* TASK ITEM
From the listing below, copy only the lines from the line that contains "Посольство США в" to the line that contains "Esta linda e", counting those two lines as part of the copy.

* DATA FOR ANALYSIS
---
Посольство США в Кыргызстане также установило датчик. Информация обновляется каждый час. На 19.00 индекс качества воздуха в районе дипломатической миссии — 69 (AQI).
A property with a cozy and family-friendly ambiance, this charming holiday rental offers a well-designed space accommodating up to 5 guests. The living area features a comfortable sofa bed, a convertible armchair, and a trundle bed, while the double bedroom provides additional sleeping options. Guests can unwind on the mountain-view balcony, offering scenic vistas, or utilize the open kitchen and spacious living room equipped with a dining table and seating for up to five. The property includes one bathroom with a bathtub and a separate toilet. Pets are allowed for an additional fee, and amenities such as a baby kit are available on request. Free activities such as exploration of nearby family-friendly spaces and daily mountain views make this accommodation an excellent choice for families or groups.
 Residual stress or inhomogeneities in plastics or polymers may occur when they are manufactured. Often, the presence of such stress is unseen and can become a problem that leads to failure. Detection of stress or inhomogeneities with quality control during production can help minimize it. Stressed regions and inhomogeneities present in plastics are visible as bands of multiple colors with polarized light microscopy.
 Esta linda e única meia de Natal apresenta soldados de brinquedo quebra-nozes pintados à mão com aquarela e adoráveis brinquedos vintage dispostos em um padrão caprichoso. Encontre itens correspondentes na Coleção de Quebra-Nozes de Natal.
---
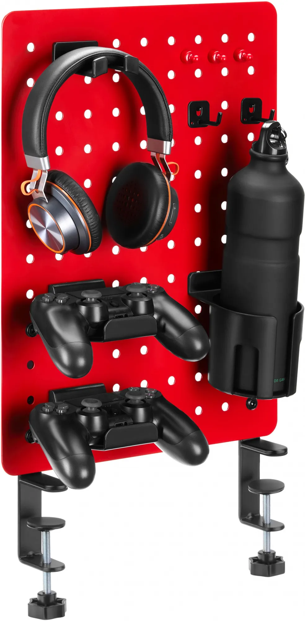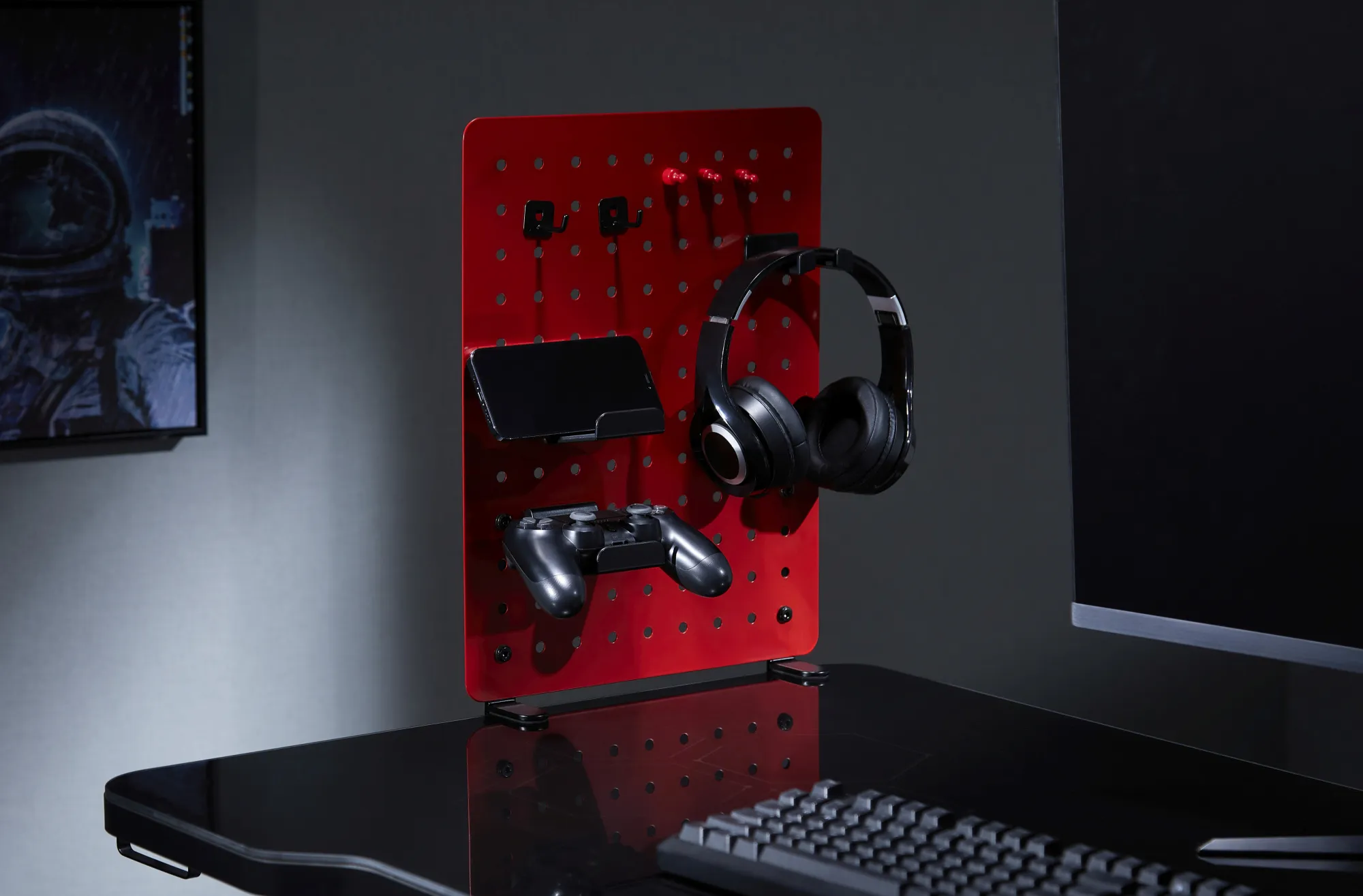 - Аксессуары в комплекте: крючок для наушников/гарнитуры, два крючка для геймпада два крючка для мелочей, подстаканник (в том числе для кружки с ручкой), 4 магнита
---
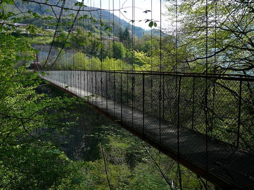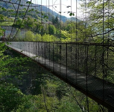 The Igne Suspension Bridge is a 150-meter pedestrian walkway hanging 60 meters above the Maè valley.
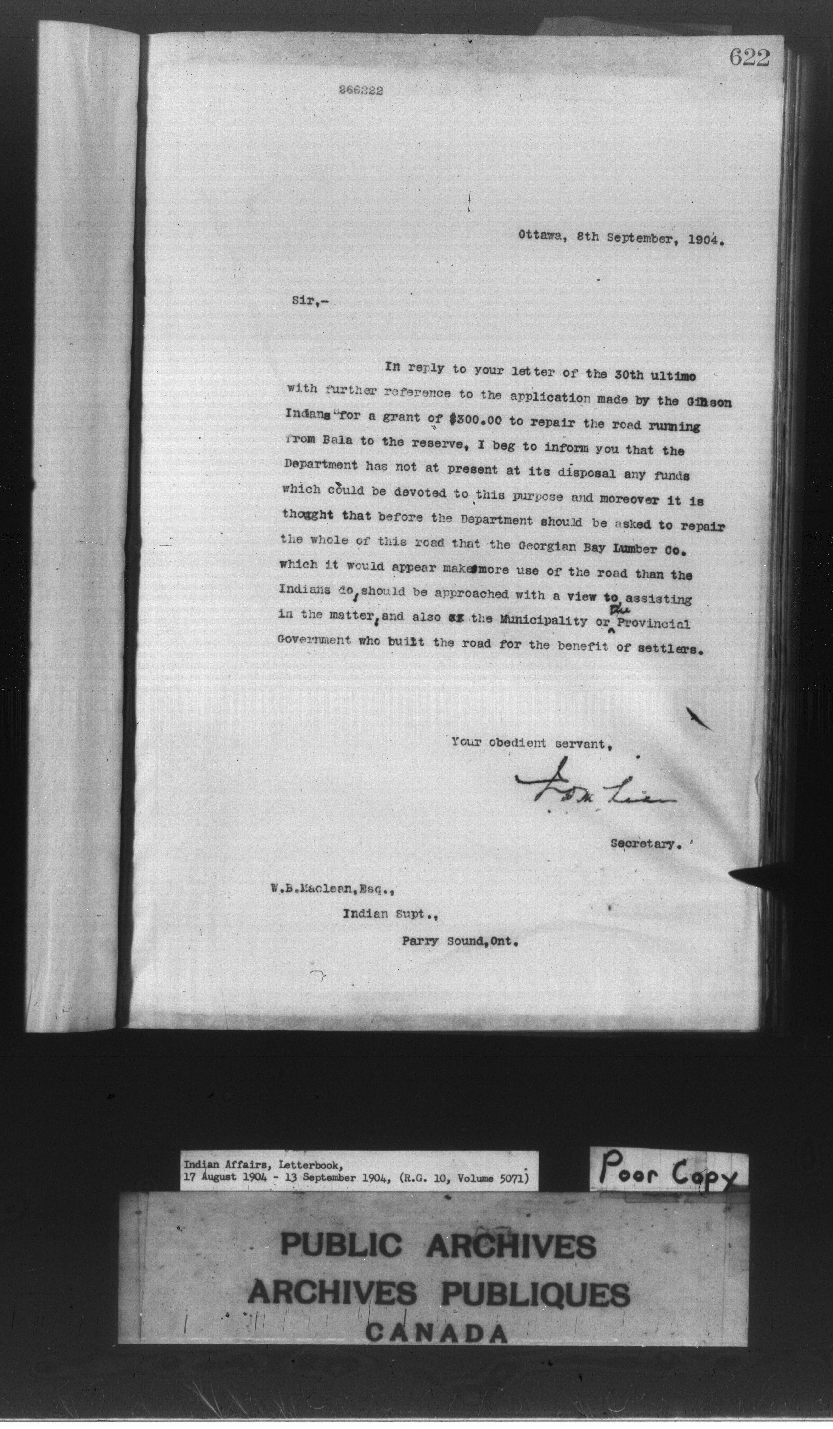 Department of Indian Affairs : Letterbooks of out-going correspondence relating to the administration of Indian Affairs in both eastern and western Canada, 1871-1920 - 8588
---
* SOLUTION FOR THIS TASK
Посольство США в Кыргызстане также установило датчик. Информация обновляется каждый час. На 19.00 индекс качества воздуха в районе дипломатической миссии — 69 (AQI).
A property with a cozy and family-friendly ambiance, this charming holiday rental offers a well-designed space accommodating up to 5 guests. The living area features a comfortable sofa bed, a convertible armchair, and a trundle bed, while the double bedroom provides additional sleeping options. Guests can unwind on the mountain-view balcony, offering scenic vistas, or utilize the open kitchen and spacious living room equipped with a dining table and seating for up to five. The property includes one bathroom with a bathtub and a separate toilet. Pets are allowed for an additional fee, and amenities such as a baby kit are available on request. Free activities such as exploration of nearby family-friendly spaces and daily mountain views make this accommodation an excellent choice for families or groups.
 Residual stress or inhomogeneities in plastics or polymers may occur when they are manufactured. Often, the presence of such stress is unseen and can become a problem that leads to failure. Detection of stress or inhomogeneities with quality control during production can help minimize it. Stressed regions and inhomogeneities present in plastics are visible as bands of multiple colors with polarized light microscopy.
 Esta linda e única meia de Natal apresenta soldados de brinquedo quebra-nozes pintados à mão com aquarela e adoráveis brinquedos vintage dispostos em um padrão caprichoso. Encontre itens correspondentes na Coleção de Quebra-Nozes de Natal.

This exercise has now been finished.